Psychol Med. 2025 Nov 21;55:e355. doi: 10.1017/S0033291725102286.
ABSTRACT
BACKGROUND: Individuals with first-episode psychosis (FEP) face markedly increased excess mortality, yet the long-term trends and key contributing factors remain insufficiently characterized. This study aimed to examine long-term mortality patterns, standardized mortality ratios (SMRs), and associated factors in a FEP cohort.

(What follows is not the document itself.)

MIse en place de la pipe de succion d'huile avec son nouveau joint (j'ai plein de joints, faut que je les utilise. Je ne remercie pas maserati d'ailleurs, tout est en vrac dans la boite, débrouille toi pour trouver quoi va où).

METHODS: This population-based cohort study included 1,389 individuals diagnosed with FEP, followed for up to 25 years. Mortality outcomes were obtained from Hong Kong’s centralized hospital database (CMS) and coroner’s court reports, with SMRs calculated. Baseline sociodemographic and clinical, as well as long-term treatment-related factors of all-cause, natural, and unnatural mortality were analyzed.

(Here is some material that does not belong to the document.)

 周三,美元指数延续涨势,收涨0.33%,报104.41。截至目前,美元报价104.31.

RESULTS: Among 1,389 participants, 137 deaths (9.86%) occurred during the follow-up period with the overall SMR of 6.56 (95% CI, 5.50-7.71). The cumulative incidence rate of unnatural mortality increased sharply over the first 10 years and that of the natural cause of death started to increase after the first decade of the illness. Male gender and poorer social functioning were associated with increased all-cause mortality risk, while male gender, lower education, and baseline hospitalization raised unnatural mortality risk. Greater monthly antipsychotic variability during the first 10 years increased all-cause mortality risk in the period after the initial 10 years.

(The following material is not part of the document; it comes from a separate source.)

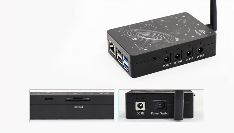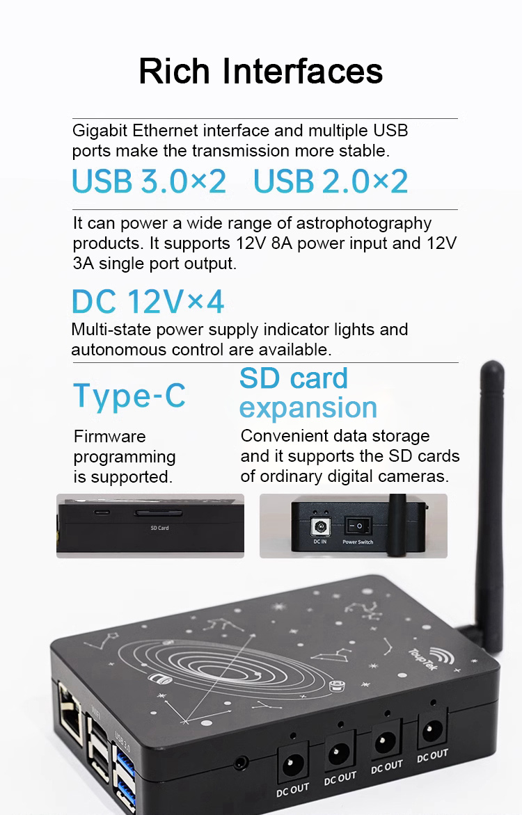 - Rich interfaces: There are many ports, including USB3.0x2, USB 2.0x2, DC12V x 4, Type-C and SD card slot. Gigabit Ethernet interface and multiple USB ports make the transmission more stable. It can power a wide range of astrophotography products. It supports 12V 8A power input and 12V 3A single port output. Multi-state power indicator light and autonomous control are available. Firmware programming is supported. Convenient data storage and it supports the SD cards of ordinary digital cameras.

CONCLUSIONS: This 25-year follow-up study of FEP highlighted the changes in the long-term mortality pattern of FEP and thus the phase-specific needs of individuals with FEP. Therefore, it is important to integrate physical care into mental health services, as well as stage-specific and individualized care for patients with psychotic disorders to reduce long-term excess mortality.